EXERCISE DATA:
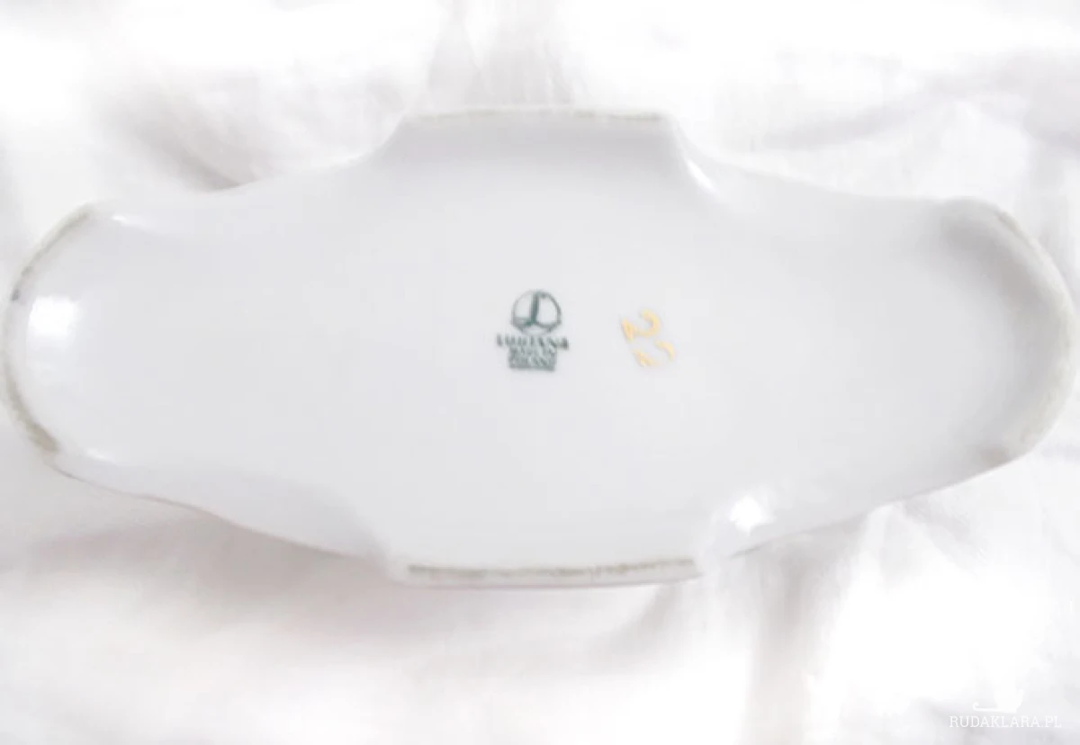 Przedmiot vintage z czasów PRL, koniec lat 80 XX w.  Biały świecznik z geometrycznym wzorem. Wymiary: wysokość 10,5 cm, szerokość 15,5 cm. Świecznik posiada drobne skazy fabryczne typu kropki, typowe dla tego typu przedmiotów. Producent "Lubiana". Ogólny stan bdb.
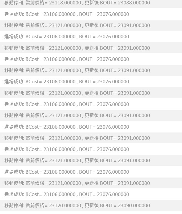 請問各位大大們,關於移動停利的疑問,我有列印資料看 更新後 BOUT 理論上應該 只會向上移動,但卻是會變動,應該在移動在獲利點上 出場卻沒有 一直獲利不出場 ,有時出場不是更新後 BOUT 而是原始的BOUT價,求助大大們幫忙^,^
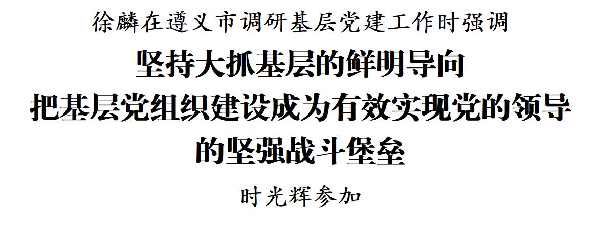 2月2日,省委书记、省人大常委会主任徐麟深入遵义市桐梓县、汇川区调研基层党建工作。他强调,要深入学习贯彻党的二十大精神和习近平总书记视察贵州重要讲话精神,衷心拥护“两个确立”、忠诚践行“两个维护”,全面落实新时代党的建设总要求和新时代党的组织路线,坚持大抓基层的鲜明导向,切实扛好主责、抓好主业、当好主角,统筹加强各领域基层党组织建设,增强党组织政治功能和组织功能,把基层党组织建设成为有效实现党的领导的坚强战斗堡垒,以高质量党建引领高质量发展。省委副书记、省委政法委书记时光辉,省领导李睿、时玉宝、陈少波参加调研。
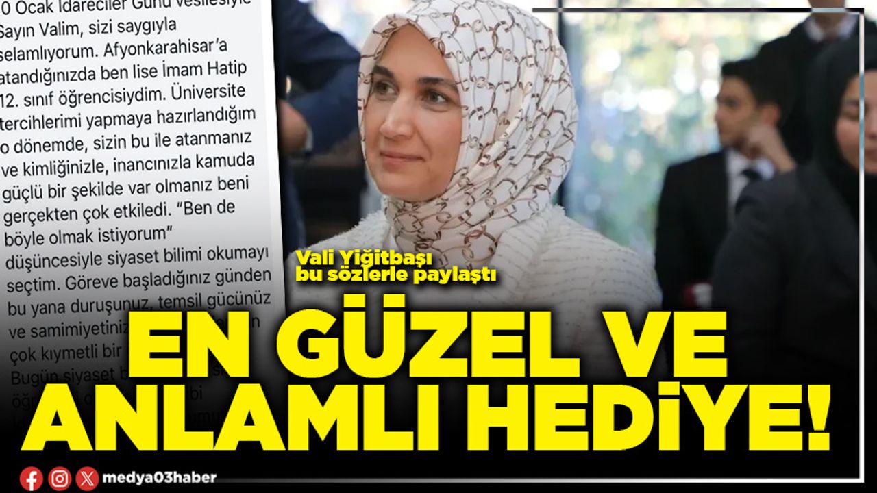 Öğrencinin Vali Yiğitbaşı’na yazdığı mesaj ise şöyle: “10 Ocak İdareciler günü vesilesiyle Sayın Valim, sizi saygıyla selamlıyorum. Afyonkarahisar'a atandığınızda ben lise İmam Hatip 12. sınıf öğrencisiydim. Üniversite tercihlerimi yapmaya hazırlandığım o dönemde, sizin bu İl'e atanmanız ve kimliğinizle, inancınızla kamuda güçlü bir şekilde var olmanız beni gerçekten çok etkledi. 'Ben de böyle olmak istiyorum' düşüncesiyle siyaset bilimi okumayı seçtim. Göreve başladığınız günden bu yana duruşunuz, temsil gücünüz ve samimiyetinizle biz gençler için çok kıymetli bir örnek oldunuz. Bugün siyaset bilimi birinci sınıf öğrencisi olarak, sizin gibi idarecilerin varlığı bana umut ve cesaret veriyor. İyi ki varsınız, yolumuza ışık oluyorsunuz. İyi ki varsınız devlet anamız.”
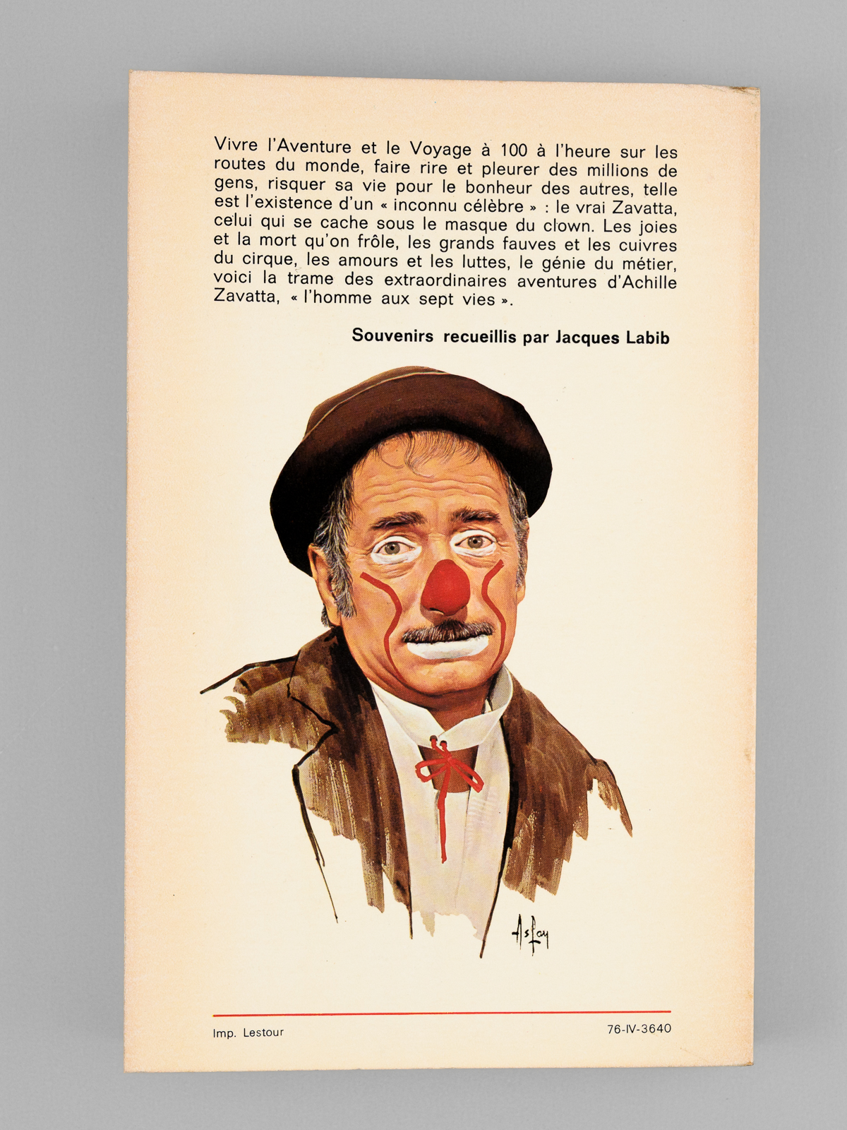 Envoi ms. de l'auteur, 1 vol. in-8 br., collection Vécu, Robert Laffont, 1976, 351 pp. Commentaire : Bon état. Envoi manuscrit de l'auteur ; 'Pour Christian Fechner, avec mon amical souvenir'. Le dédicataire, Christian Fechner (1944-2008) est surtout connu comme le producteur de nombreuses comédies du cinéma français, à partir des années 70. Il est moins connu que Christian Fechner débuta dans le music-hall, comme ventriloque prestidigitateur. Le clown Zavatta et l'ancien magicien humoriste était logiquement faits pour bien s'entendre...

TASK DESCRIPTION: Only the lines from the start of the records to the one containing "2月2日,省委书记、省人大常" should be repeated, exactly and with both ends kept; drop any pictures.

WRITTEN SOLUTION:
 Przedmiot vintage z czasów PRL, koniec lat 80 XX w.  Biały świecznik z geometrycznym wzorem. Wymiary: wysokość 10,5 cm, szerokość 15,5 cm. Świecznik posiada drobne skazy fabryczne typu kropki, typowe dla tego typu przedmiotów. Producent "Lubiana". Ogólny stan bdb.
 請問各位大大們,關於移動停利的疑問,我有列印資料看 更新後 BOUT 理論上應該 只會向上移動,但卻是會變動,應該在移動在獲利點上 出場卻沒有 一直獲利不出場 ,有時出場不是更新後 BOUT 而是原始的BOUT價,求助大大們幫忙^,^
 2月2日,省委书记、省人大常委会主任徐麟深入遵义市桐梓县、汇川区调研基层党建工作。他强调,要深入学习贯彻党的二十大精神和习近平总书记视察贵州重要讲话精神,衷心拥护“两个确立”、忠诚践行“两个维护”,全面落实新时代党的建设总要求和新时代党的组织路线,坚持大抓基层的鲜明导向,切实扛好主责、抓好主业、当好主角,统筹加强各领域基层党组织建设,增强党组织政治功能和组织功能,把基层党组织建设成为有效实现党的领导的坚强战斗堡垒,以高质量党建引领高质量发展。省委副书记、省委政法委书记时光辉,省领导李睿、时玉宝、陈少波参加调研。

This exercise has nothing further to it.